Franciszek Gulba, tracąc świadomość nie znał dalszych wydarzeń w tej celi, które przedstawia w swoich wspomnieniach Wincencja Nikiel (z domu Stolarska), mieszkanka Oświęcimia, zakochana w młodym więźniu Tymoteuszu Grabowskim (nr 5657), który napisał do niej list.
Przesyłkę chciał dostarczyć jej przez swego kolegę, wychodzącego w tym dniu na pomiary. Został przyłapany przez esesmana na pisaniu tegoż listu. Doprowadzono go do gestapo obozowego, gdzie skazano go na siedem nocnych stójek w ciemnym bunkrze bloku nr 11 po normalnej pracy w czasie dnia.

Jego przyjaciel również więzień, Stanisław Sławiński (nr 6569), opisał jej w grypsie straszną tragedię ukochanego: „W sobotę wieczorem Tymek otrzymał wyrok – 5 dni nocnego bunkra, to znaczy – w dzień pracuje, a na noc do bunkra. (…) I otóż w nocy, czy nad ranem, nieszczęśliwi z braku powietrza zaczęli się dusić i umierać w straszliwych męczarniach. Z pośród 44 – umarło 12, w tej liczbie i Tymek, 18 znaleziono z małymi oznakami życia i tylko 10 jakoś ocalało. (…) Jeszcze parę szczegółów o śmierci Tymka. W celi z więźniami było sześciu capów, którzy zajęli miejsca koło drzwi. Z tego powodu wynikła sprzeczka, gdyż przy drzwiach jest zawsze więcej powietrza. Tymek, ufając w swoje siły, miał dopychać się do drzwi i w tym czasie został uderzony przez kapo w głowę. Uderzenie było silne, zemdlał i z braku powietrza poniósł śmierć w strasznych męczarniach. (…) O śmierci Tymka zawiadomiłam jego braci” .

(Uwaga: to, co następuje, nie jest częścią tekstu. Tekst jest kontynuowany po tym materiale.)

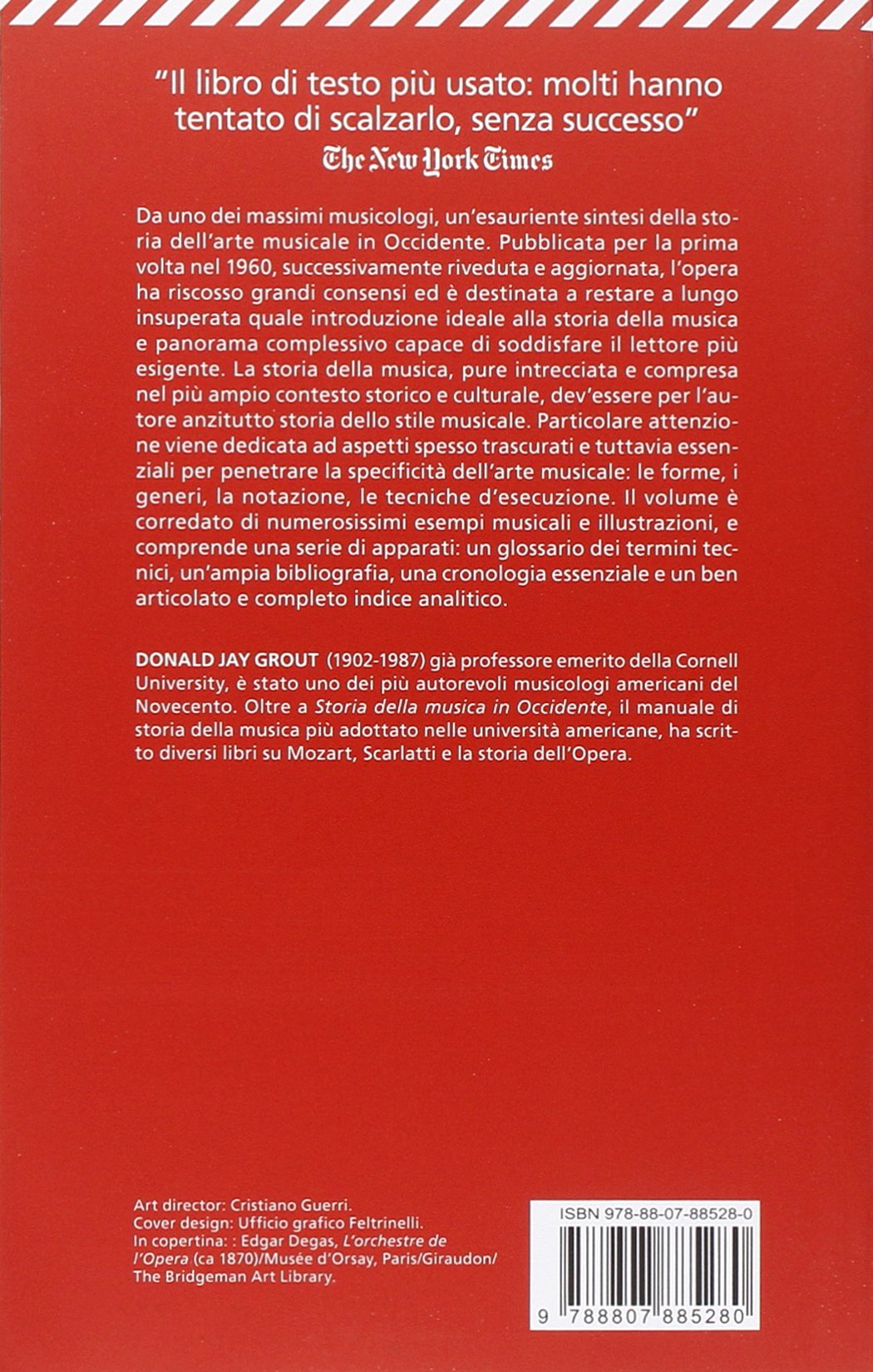 Sintesi completa della storia della Musica Occidentale scritta nel 1960 da Donald Jay Grout musicologo di grande fama mondiale. Riveduta e aggiornata nelle versioni successive questa panoramica della storia della musica rimane insuperata come introduzione alla conoscenza dell'evoluzione di quest'arte. L'autore si concentra soprattutto sull'evoluzione degli stili musicali analizzandone aspetti spesso trascurati come le forme, i generi, la notazione, le tecniche d'esecuzione e contestualizzandoli nelle loro rispettive epoche storiche e culturali di riferimento. Il volume è corredato di numerosissimi esempi musicali e illustrazioni, e comprende una serie di apparati: un glossario dei termini tecnici, un'ampia bibliografia, una cronologia essenziale e un ben articolato e completo indice analitico.

Podobno padający tej nocy śnieg zasypał otwory siatki od wentylacji bunkra i dodatkowo uniemożliwił dopływ powietrza do wnętrza.
Rano, kiedy otworzono celę znaleziono wielu zmarłych, których ciała były poranione. Wśród nieżyjących był Tymoteusz Grabowski. Zwłoki uduszonych wynosił fryzjer z bloku nr 11, Maksymilian Chlebik (nr 1251).
Nieco inną liczbę osadzonych w tej celi podaje były więzień Maksymilian Kubiak (nr 1138), który twierdzi, że z 39 więźniów osadzonych wtedy w celi nr 20, tylko 19 pozostało przy życiu.
Adam Cyra
Oświęcim, 10 grudnia 2019 r.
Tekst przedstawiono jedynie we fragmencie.